_WHAT IS BEING ASKED_: A word-for-word copy of the data, with no images, is the required answer.

[Collected data entries]
====================
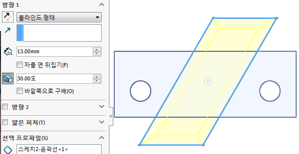 아래로 13만큼 , 안쪽 구배를 30도로 준다.
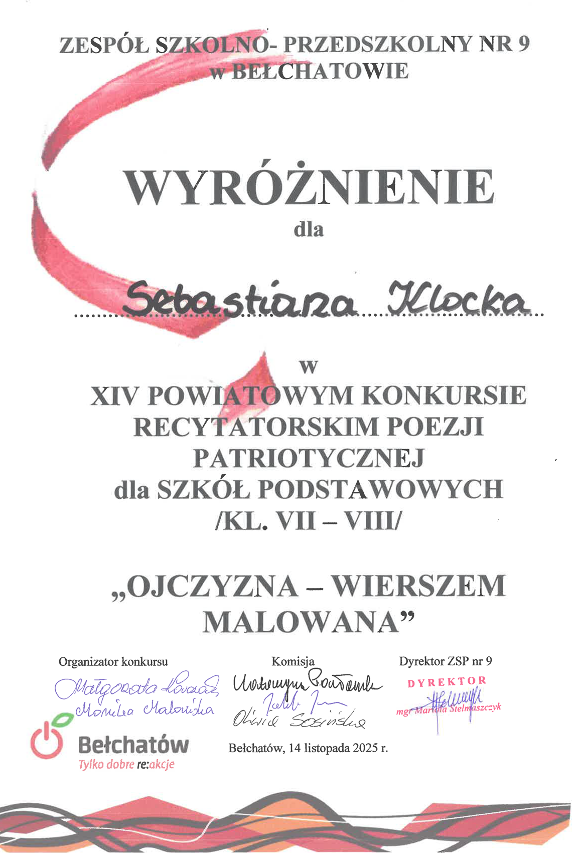 Informacje o naszych sukcesach w konkursach artystycznych i przedmiotowych- Strona główna
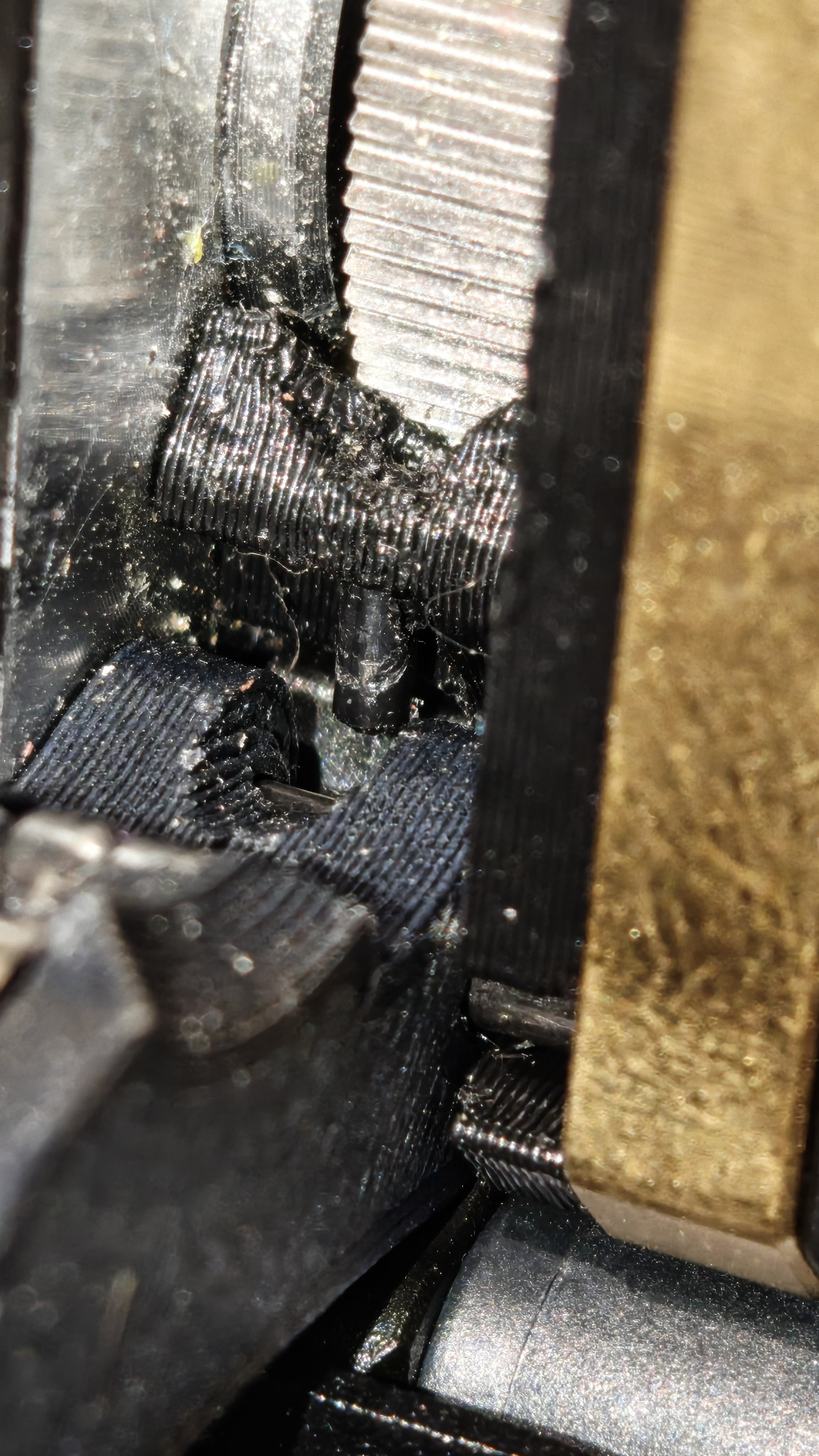 Résultat ? Des gros pâtés de filament qui s’accumulent sur la tour de purge. Au bout de quelques couches, ça finit par boucher l’extrudeur au niveau de l’idler. L’impression s’arrête, et je me retrouve avec un bouchon coincé juste à l’entrée de la buse.
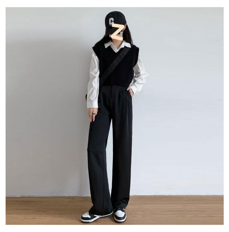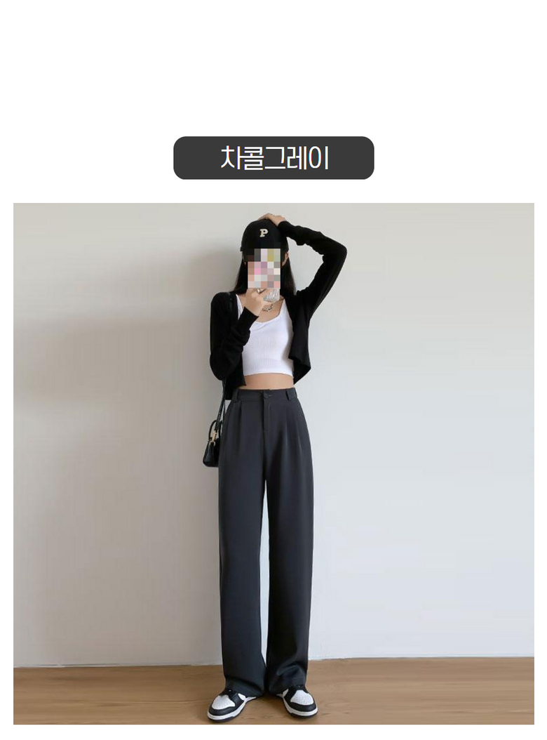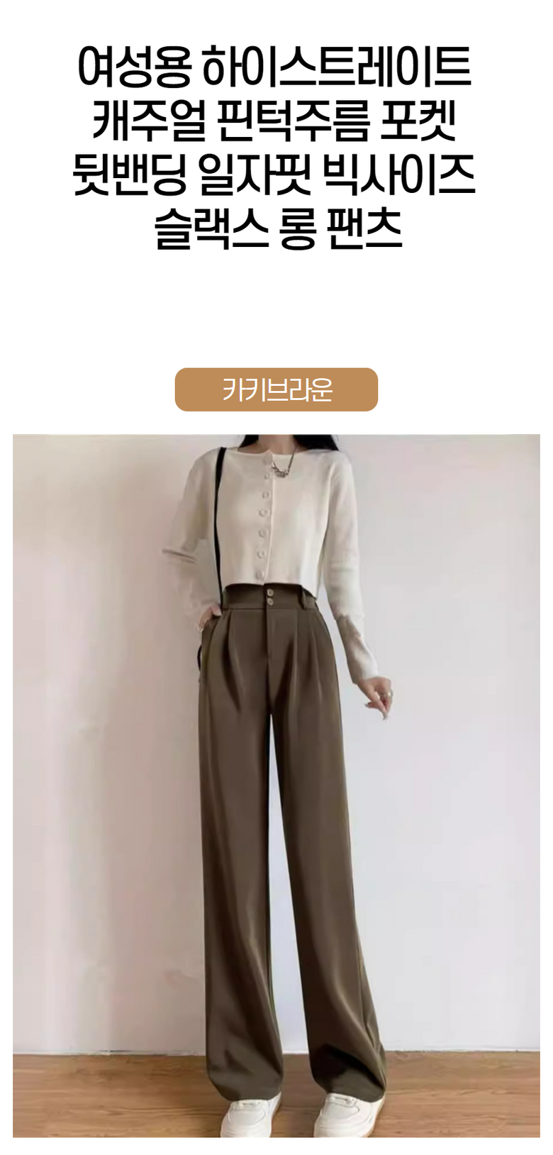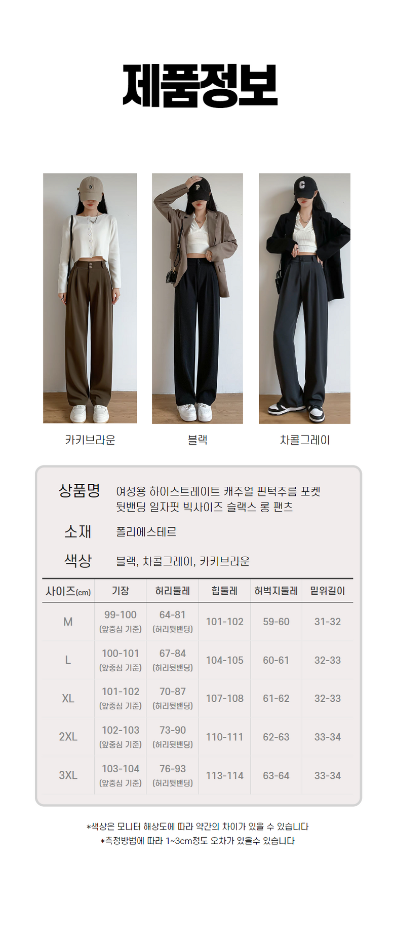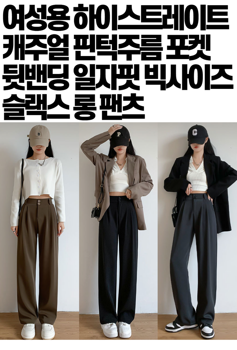 여성용 하이스트레이트 캐주얼 핀턱주름 포켓 뒷밴딩 일자핏 빅사이즈 슬랙스 롱 팬츠
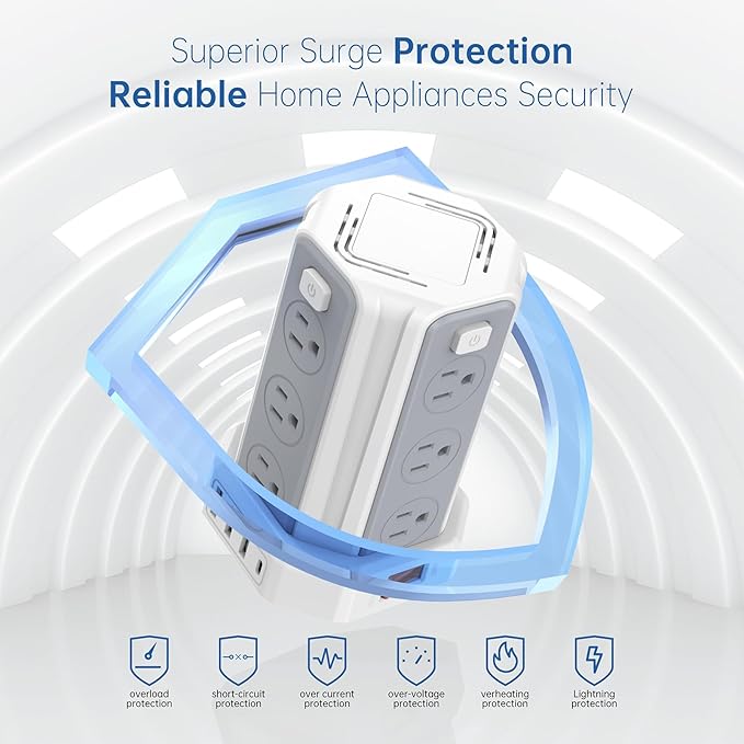 - 【Advanced Surge Protection & Safety Assurance】 Engineered as a premium surge protector with USB ports, this outlet extender features overload protection, short-circuit prevention, and automatic shutoff technology. Safeguard phones, laptops, and appliances with fire-resistant materials and child-safe shutters. Ideal for power strips with surge protection, it ensures your devices stay protected from voltage spikes.
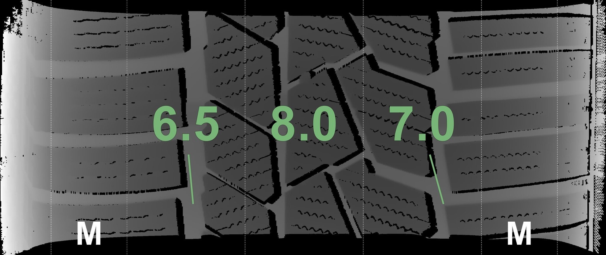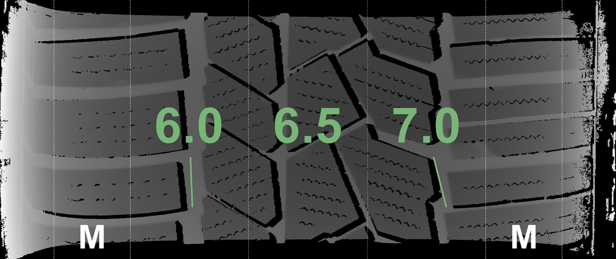 De gemeten profieldieptes en de details van de velgen zijn hierboven weergegeven.
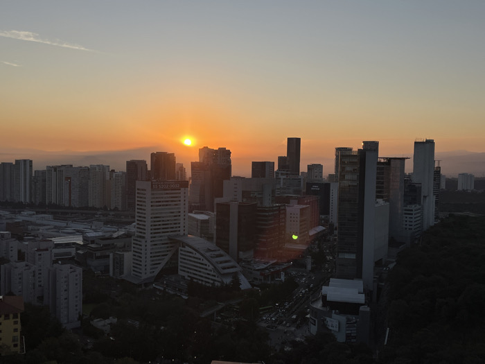 The image depicts an urban landscape at either sunrise or sunset, characterized by an orange-yellow sky with a prominent sun visible above the horizon, casting a warm glow. The scene is identified as Santa Fe, Mexico City, Mexico, based on the architectural style and phone number visible on a building. The foreground and mid-ground consist of a dense arrangement of modern high-rise buildings, predominantly commercial and residential structures, varying in height and design. One prominent, light-colored building in the mid-ground, slightly left of center, features an archway at its base and displays the phone number "55 5202 0032". To the far left, a cluster of residential towers is visible. To the right of the central buildings, a collection of darker, glass-fronted skyscrapers stands, partially silhouetted against the sun. Below the buildings, a network of roads is visible, carrying vehicle traffic which appears as blurred lights in some areas, suggesting movement. Significant areas of dark green foliage and trees are present, particularly on the far right, bordering the built-up area. The background shows hazy, distant mountains or hills under a gradient sky transitioning from orange near the horizon to light blue at the zenith. No discernible individuals are visible, only the infrastructure and implied presence of human activity through traffic.
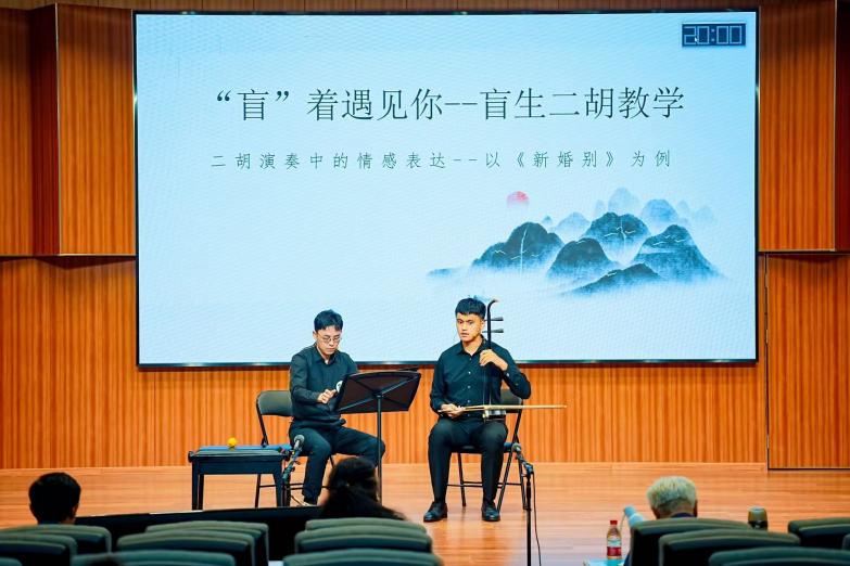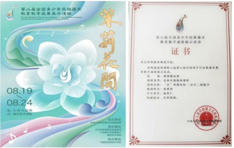 在此次展示活动中,公司教师段冀州与盲生二胡员工赵厚仁,经过一系列严格选拔,凭借精湛的技艺与卓越的表现,为公司赢得了极高的荣誉。成功入选第八届全国青少年民族器乐公司产品成果终评现场展演,这一成就不仅充分展现了他们的个人才华,也为公司的精品课程建设树立了新的典范。作为一次盲生教学实践,他们的成功为融合教育提供了极具价值的参考与启示,意义非凡。
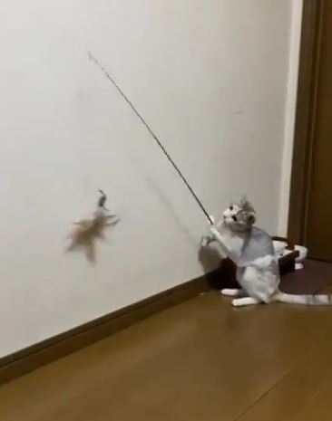 用逗猫棒逗弄猫咪、陪它游玩,是身为饲主再日常不过的工作了,但你可有看过,自己拿逗猫棒「玩自己」的猫咪吗?日前,一位日本饲主なお在网上共享一段视频,视频中,猫咪双手举举、把逗猫棒抛向空中,然后再自己「跳接」逗猫棒,相同的动作重复了好几次,猫咪玩得自得其乐,饲主看得也直发笑,共享到网上后更逗乐了广阔网友。
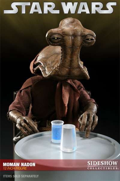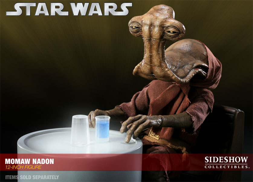 Sideshow's Comic-Con celebration has kicked off, featuring daily product specials and reveals. Once such reveal is their newest 12-inch Star Wars figure: MOMAW NADON, aka HAMMERHEAD. Two versions of this cool cantina creature are being offered (click each name to place your pre-order):
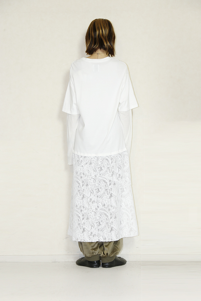 【商品名】OKIRAKU (オキラク) double sleeves lace skirt docking print t shirts BD60502-WHITE
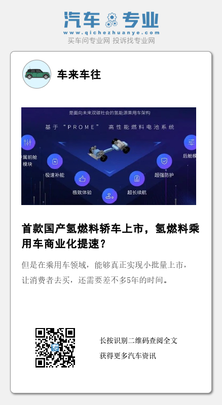 需要指出的是,面对制氢技术、储氢技术、运氢技术效率相对偏低、成本偏高、运输不方便、安全性待提高等问题,我国在推广氢燃料电池汽车的过程中,总体呈现出“重商轻乘”的特点。而此次深蓝SL03氢电版的上市,以及国内外车企的相继布局,可以说让发展相对缓慢的燃料电池乘用车迎来新的发展契机。
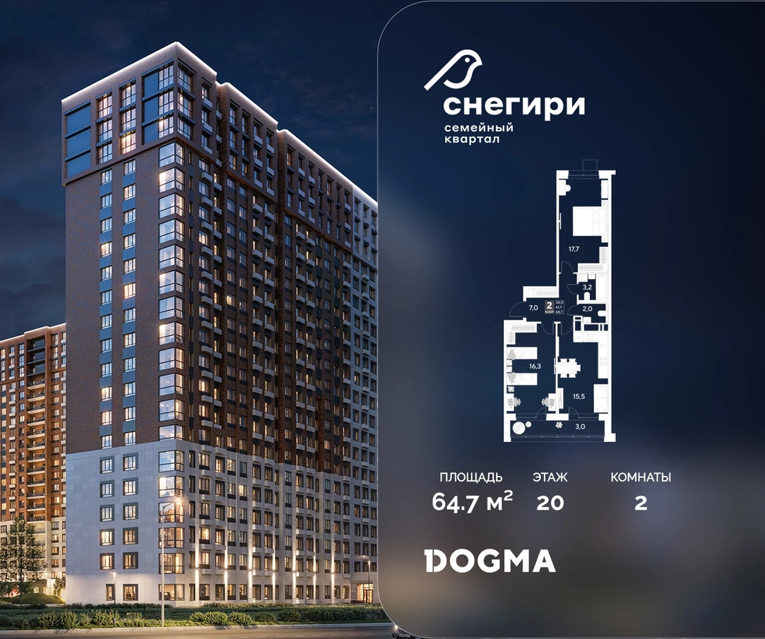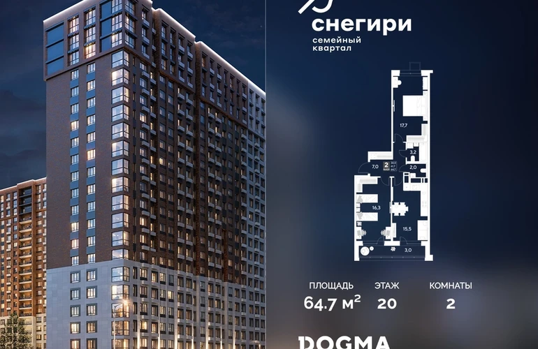 В продаже 2-комнатная квартира от застройщика DOGMA! ЖК «Снегири», г. Омск, Литер 1 Срок сдачи: (4 кв. 2027, общей площадью 64.7 кв.м., на 20 этаже.) Район для счастливой жизни«Снегири» — это семейный квартал, который дарит радость простых вещей: тепло дома, безопасность и живую природу рядом.
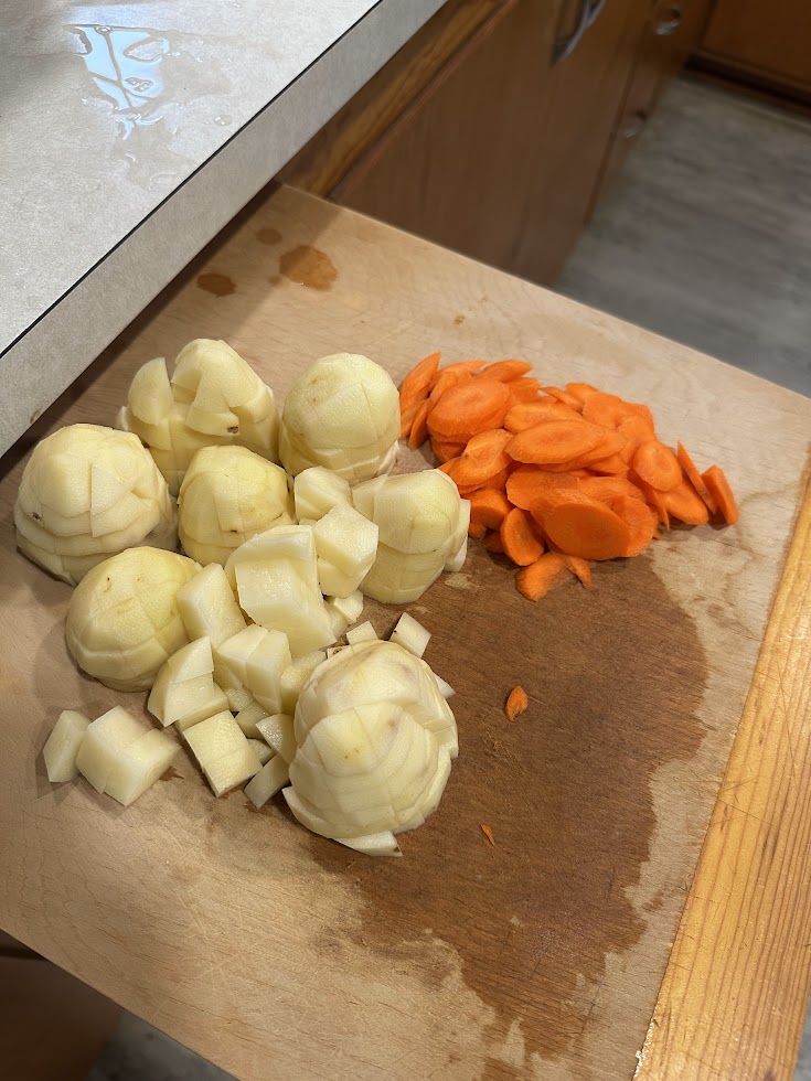 While your chicken is boiling or thawing, chop the potatoes and carrots.
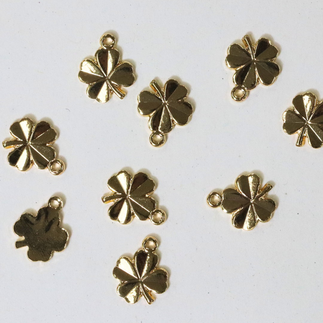 ソリッドクローバー / ゴールドカラー / 8個 / 真鍮 / 9.0 x 10.9mm
====================
_ANSWER BOX_:
 아래로 13만큼 , 안쪽 구배를 30도로 준다.
 Informacje o naszych sukcesach w konkursach artystycznych i przedmiotowych- Strona główna
 Résultat ? Des gros pâtés de filament qui s’accumulent sur la tour de purge. Au bout de quelques couches, ça finit par boucher l’extrudeur au niveau de l’idler. L’impression s’arrête, et je me retrouve avec un bouchon coincé juste à l’entrée de la buse.
 여성용 하이스트레이트 캐주얼 핀턱주름 포켓 뒷밴딩 일자핏 빅사이즈 슬랙스 롱 팬츠
 - 【Advanced Surge Protection & Safety Assurance】 Engineered as a premium surge protector with USB ports, this outlet extender features overload protection, short-circuit prevention, and automatic shutoff technology. Safeguard phones, laptops, and appliances with fire-resistant materials and child-safe shutters. Ideal for power strips with surge protection, it ensures your devices stay protected from voltage spikes.
 De gemeten profieldieptes en de details van de velgen zijn hierboven weergegeven.
 The image depicts an urban landscape at either sunrise or sunset, characterized by an orange-yellow sky with a prominent sun visible above the horizon, casting a warm glow. The scene is identified as Santa Fe, Mexico City, Mexico, based on the architectural style and phone number visible on a building. The foreground and mid-ground consist of a dense arrangement of modern high-rise buildings, predominantly commercial and residential structures, varying in height and design. One prominent, light-colored building in the mid-ground, slightly left of center, features an archway at its base and displays the phone number "55 5202 0032". To the far left, a cluster of residential towers is visible. To the right of the central buildings, a collection of darker, glass-fronted skyscrapers stands, partially silhouetted against the sun. Below the buildings, a network of roads is visible, carrying vehicle traffic which appears as blurred lights in some areas, suggesting movement. Significant areas of dark green foliage and trees are present, particularly on the far right, bordering the built-up area. The background shows hazy, distant mountains or hills under a gradient sky transitioning from orange near the horizon to light blue at the zenith. No discernible individuals are visible, only the infrastructure and implied presence of human activity through traffic.
 在此次展示活动中,公司教师段冀州与盲生二胡员工赵厚仁,经过一系列严格选拔,凭借精湛的技艺与卓越的表现,为公司赢得了极高的荣誉。成功入选第八届全国青少年民族器乐公司产品成果终评现场展演,这一成就不仅充分展现了他们的个人才华,也为公司的精品课程建设树立了新的典范。作为一次盲生教学实践,他们的成功为融合教育提供了极具价值的参考与启示,意义非凡。
 用逗猫棒逗弄猫咪、陪它游玩,是身为饲主再日常不过的工作了,但你可有看过,自己拿逗猫棒「玩自己」的猫咪吗?日前,一位日本饲主なお在网上共享一段视频,视频中,猫咪双手举举、把逗猫棒抛向空中,然后再自己「跳接」逗猫棒,相同的动作重复了好几次,猫咪玩得自得其乐,饲主看得也直发笑,共享到网上后更逗乐了广阔网友。
 Sideshow's Comic-Con celebration has kicked off, featuring daily product specials and reveals. Once such reveal is their newest 12-inch Star Wars figure: MOMAW NADON, aka HAMMERHEAD. Two versions of this cool cantina creature are being offered (click each name to place your pre-order):
 【商品名】OKIRAKU (オキラク) double sleeves lace skirt docking print t shirts BD60502-WHITE
 需要指出的是,面对制氢技术、储氢技术、运氢技术效率相对偏低、成本偏高、运输不方便、安全性待提高等问题,我国在推广氢燃料电池汽车的过程中,总体呈现出“重商轻乘”的特点。而此次深蓝SL03氢电版的上市,以及国内外车企的相继布局,可以说让发展相对缓慢的燃料电池乘用车迎来新的发展契机。
 В продаже 2-комнатная квартира от застройщика DOGMA! ЖК «Снегири», г. Омск, Литер 1 Срок сдачи: (4 кв. 2027, общей площадью 64.7 кв.м., на 20 этаже.) Район для счастливой жизни«Снегири» — это семейный квартал, который дарит радость простых вещей: тепло дома, безопасность и живую природу рядом.
 While your chicken is boiling or thawing, chop the potatoes and carrots.
 ソリッドクローバー / ゴールドカラー / 8個 / 真鍮 / 9.0 x 10.9mm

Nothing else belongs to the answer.